Redeeming and Repairing or Further Damaging a Sullied Reputation ?

Given the current climate and it’s negative attitude towards both Catholic schooling and the value of denominational schools, it can be disheartening, upsetting and surprising when principals take a highly bureaucratic approach to dealing with parents. We may say on our websites that we are open to all, we may speak of partnership and diversity, of welcoming those of other faiths or of none, but our actions and demeanour can often speak louder than our words.

Our schools will not be considered positive places of learning where parents are welcomed as respected partners if we continue with an autocratic or stern approach to them, or indeed to teachers, other staff members or children.

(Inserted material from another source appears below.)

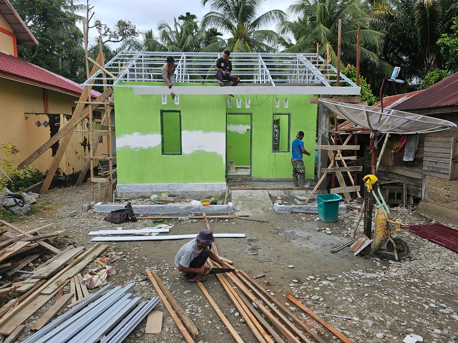 Latkol Inf Faiq Fahmi juga menuturkan, target pemasangan kerangka atap di rumah itu diupayakan secepat mungkin terselesaikan, sehingga nanti tinggal finishing pemasangan atap dan melanjutkan pengecatan.
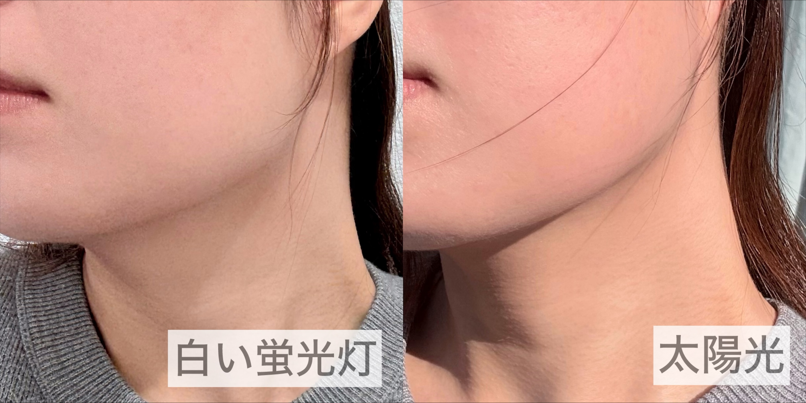 ※スキンケア後、化粧下地(下記商品↓メイクアップUVベース)を塗布した状態で、スマートフォンの標準カメラで撮影しています。撮影環境により、実際の見え方が異なる場合がございますのでご了承ください。

The  Dublin Archdiocese, the Church in Ireland and its schools is striving to move beyond the cold, bureaucratic authoritarianism of John Charles McQuaid and others like him.

What does a closed, bureaucratic attitude do to dispel peoples’ negative attitudes towards the role of Catholicism in education?

Is it really reflective of the ethos of any Catholic school, of any Irish school to create an atmosphere of them and us, with parents put firmly in their place?

Does it create an atmosphere of trust and mutual understanding, or does it create one of mistrust where children loose out and where people continue to see Catholicism as as an authoritarian religion that seeks to control people ignore their needs?

Many founders of religious orders sought to reach out to the marginalised, when communications and plans are written using language that demands rather than respectfully expects parental cooperation, when schools are not open and welcoming, many, if not most, parents become marginalised  and damage is done to an ethos inspired by the goals of Catholic education and the ideals that inspired the founders of religious orders.